What this task involves
Every record must be given again word for word; no picture belongs in the copy.

Supplied information
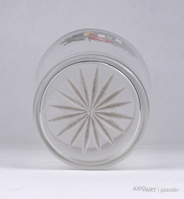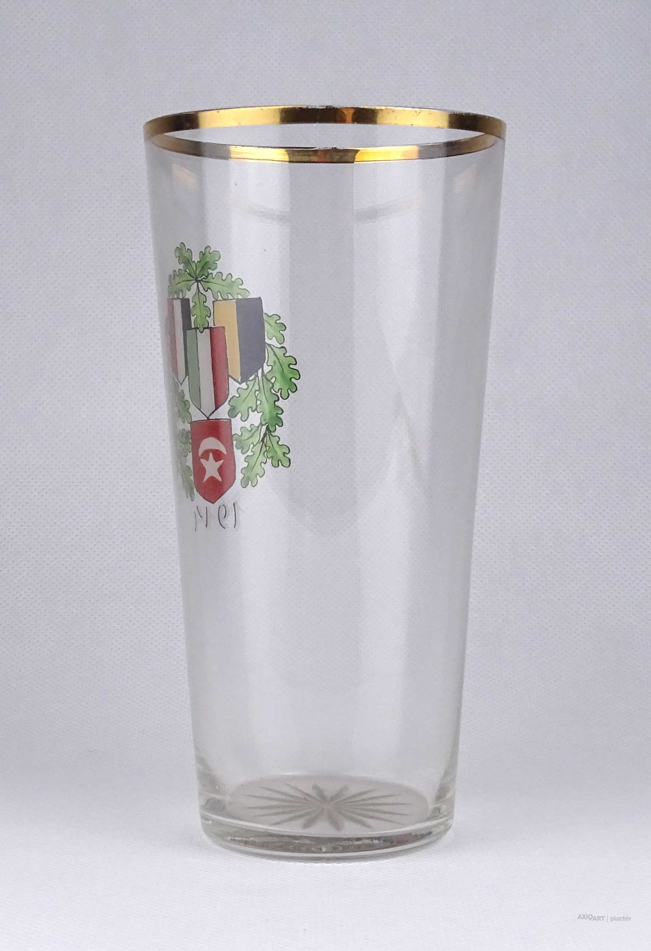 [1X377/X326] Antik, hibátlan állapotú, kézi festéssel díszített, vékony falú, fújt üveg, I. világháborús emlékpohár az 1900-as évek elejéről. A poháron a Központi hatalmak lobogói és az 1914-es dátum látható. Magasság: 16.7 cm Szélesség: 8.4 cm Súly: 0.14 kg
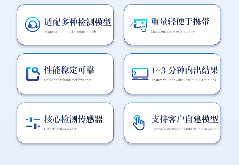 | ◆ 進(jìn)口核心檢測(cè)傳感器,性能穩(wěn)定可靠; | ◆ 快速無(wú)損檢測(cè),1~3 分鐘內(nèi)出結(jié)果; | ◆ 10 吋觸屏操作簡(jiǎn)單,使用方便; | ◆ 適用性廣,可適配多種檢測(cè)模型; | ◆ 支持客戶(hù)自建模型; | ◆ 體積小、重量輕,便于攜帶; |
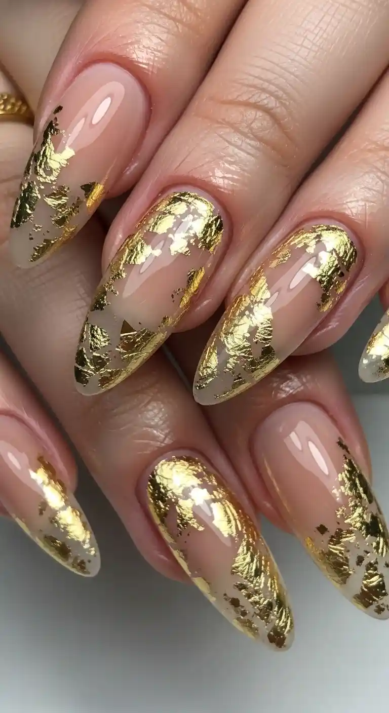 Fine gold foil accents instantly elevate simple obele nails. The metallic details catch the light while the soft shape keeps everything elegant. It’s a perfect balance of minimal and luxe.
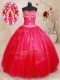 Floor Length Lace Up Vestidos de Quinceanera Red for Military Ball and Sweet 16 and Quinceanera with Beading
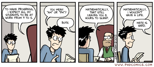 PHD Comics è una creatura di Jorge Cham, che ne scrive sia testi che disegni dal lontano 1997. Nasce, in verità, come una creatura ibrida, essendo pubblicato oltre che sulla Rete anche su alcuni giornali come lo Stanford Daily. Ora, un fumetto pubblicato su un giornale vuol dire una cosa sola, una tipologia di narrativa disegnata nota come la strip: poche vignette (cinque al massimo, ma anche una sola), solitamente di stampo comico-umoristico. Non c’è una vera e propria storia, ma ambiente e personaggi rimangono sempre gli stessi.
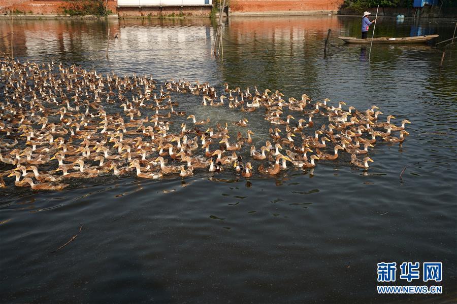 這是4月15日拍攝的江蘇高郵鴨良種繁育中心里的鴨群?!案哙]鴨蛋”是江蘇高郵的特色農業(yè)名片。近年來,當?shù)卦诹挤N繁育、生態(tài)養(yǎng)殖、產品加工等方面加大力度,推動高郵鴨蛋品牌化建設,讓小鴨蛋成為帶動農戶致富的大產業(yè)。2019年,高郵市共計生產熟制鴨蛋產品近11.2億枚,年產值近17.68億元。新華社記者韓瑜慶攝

Output of the task
 [1X377/X326] Antik, hibátlan állapotú, kézi festéssel díszített, vékony falú, fújt üveg, I. világháborús emlékpohár az 1900-as évek elejéről. A poháron a Központi hatalmak lobogói és az 1914-es dátum látható. Magasság: 16.7 cm Szélesség: 8.4 cm Súly: 0.14 kg
 | ◆ 進(jìn)口核心檢測(cè)傳感器,性能穩(wěn)定可靠; | ◆ 快速無(wú)損檢測(cè),1~3 分鐘內(nèi)出結(jié)果; | ◆ 10 吋觸屏操作簡(jiǎn)單,使用方便; | ◆ 適用性廣,可適配多種檢測(cè)模型; | ◆ 支持客戶(hù)自建模型; | ◆ 體積小、重量輕,便于攜帶; |
 Fine gold foil accents instantly elevate simple obele nails. The metallic details catch the light while the soft shape keeps everything elegant. It’s a perfect balance of minimal and luxe.
 Floor Length Lace Up Vestidos de Quinceanera Red for Military Ball and Sweet 16 and Quinceanera with Beading
 PHD Comics è una creatura di Jorge Cham, che ne scrive sia testi che disegni dal lontano 1997. Nasce, in verità, come una creatura ibrida, essendo pubblicato oltre che sulla Rete anche su alcuni giornali come lo Stanford Daily. Ora, un fumetto pubblicato su un giornale vuol dire una cosa sola, una tipologia di narrativa disegnata nota come la strip: poche vignette (cinque al massimo, ma anche una sola), solitamente di stampo comico-umoristico. Non c’è una vera e propria storia, ma ambiente e personaggi rimangono sempre gli stessi.
 這是4月15日拍攝的江蘇高郵鴨良種繁育中心里的鴨群?!案哙]鴨蛋”是江蘇高郵的特色農業(yè)名片。近年來,當?shù)卦诹挤N繁育、生態(tài)養(yǎng)殖、產品加工等方面加大力度,推動高郵鴨蛋品牌化建設,讓小鴨蛋成為帶動農戶致富的大產業(yè)。2019年,高郵市共計生產熟制鴨蛋產品近11.2億枚,年產值近17.68億元。新華社記者韓瑜慶攝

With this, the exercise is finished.